Paragangliomas are more frequent in the jugular foramen region (glomus jugulare), the middle ear (glomus tympanicum), and along the course of the vagus nerve (glomus vagale). Rosenwasser [7, 8], in April 1942, operated on a patient with a bleeding mass in the middle ear and the ear canal. Histologically this tumor was identical with the benign carotid body tumors. In 1945, he published the first description of a middle ear paraganglioma and associated these tumors with the glomus jugulare bodies [7]. Alford and Guilford [9] classified these lesions as glomus tympanicum and glomus jugulare tumors.
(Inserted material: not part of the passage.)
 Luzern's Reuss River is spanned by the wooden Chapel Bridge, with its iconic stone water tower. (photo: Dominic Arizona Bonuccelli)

Schwannomas are the second more frequent neoplasia in the jugular foramen. They are usually benign, noninfiltrative lesions [1, 10, 11]. Primary meningiomas of the jugular foramen are rare and only small series have been reported in the literature. These tumors arise from arachnoid cells in the jugular bulb and may infiltrate surrounding bone and nerve tissues [12]. In our series of jugular foramen lesions 13 patients had meningiomas [13]. Four patients presented malignant or aggressive tumors (3 anaplastic and 1 papillary). One patient developed a radiation-induced malignant tumor after subtotal resection followed by radiotherapy for a benign meningioma in other institution. Chordomas and chondrosarcomas may also originate in the jugular foramen.

Metastatic lesions cause more commonly “classic jugular foramen syndromes ” (Vernet and Collet-Sicard syndrome ) than paragangliomas or schwannomas [14]. Metastatic adenocarcinomas, melanomas, and renal cell carcinomas may radiologically resemble glomus tumors.
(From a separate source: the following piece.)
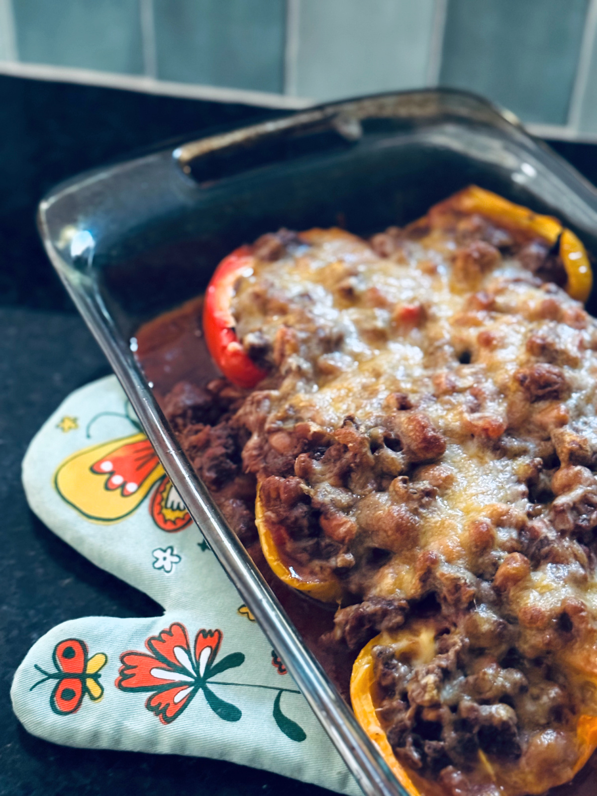 These casserole-style taco stuffed peppers have fewer steps AND pantry, freezer and fridge stable ingredients you can always keep on hand (so you don’t grab take out, instead).

Management of each patient with a jugular foramen tumor requires careful and individual consideration. These tumors, once considered to be one of the most difficult skull base tumors to remove, are now managed with reasonable morbidity and mortality rates. The goal of treatment is radical removal with preservation of cranial nerves and vessels. Surgical difficulties are related to the deep location of these lesions, hypervascularization, involvement of cranial nerves (VII, VIII, IX, X, and XI) and vessels like the internal carotid artery and the vertebral artery (VA) and its branches, and the extensive surgical defect due to bone removal from the cranial base and involved dura mater causing CSF leak. Surgical morbidity and mortality are usually associated with damage to the lower cranial nerves.